--- START ---
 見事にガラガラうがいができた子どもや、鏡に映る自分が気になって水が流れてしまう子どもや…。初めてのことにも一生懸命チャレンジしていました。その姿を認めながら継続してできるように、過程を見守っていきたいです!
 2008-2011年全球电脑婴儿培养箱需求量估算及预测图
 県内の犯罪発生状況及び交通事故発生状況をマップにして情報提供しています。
--- END ---
--- START ---
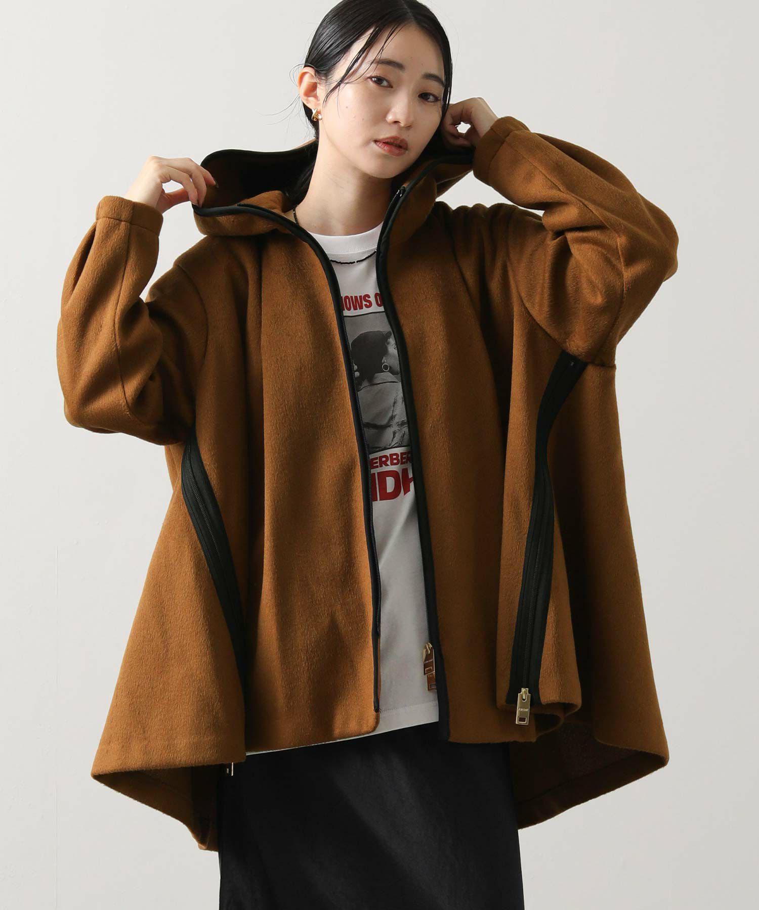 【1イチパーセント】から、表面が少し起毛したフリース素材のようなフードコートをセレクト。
--- END ---
■ **HOW TO COMPLETE THIS TASK**
From the records above, repeat exactly the lines from the one with "2008-2011年全球电脑婴儿培养箱需求量估算及预测图" through the one with "県内の犯罪発生状況及び交通事故発生状況をマップにして情報提供しています。", both included.

■ **OUTPUT BELOW**
 2008-2011年全球电脑婴儿培养箱需求量估算及预测图
 県内の犯罪発生状況及び交通事故発生状況をマップにして情報提供しています。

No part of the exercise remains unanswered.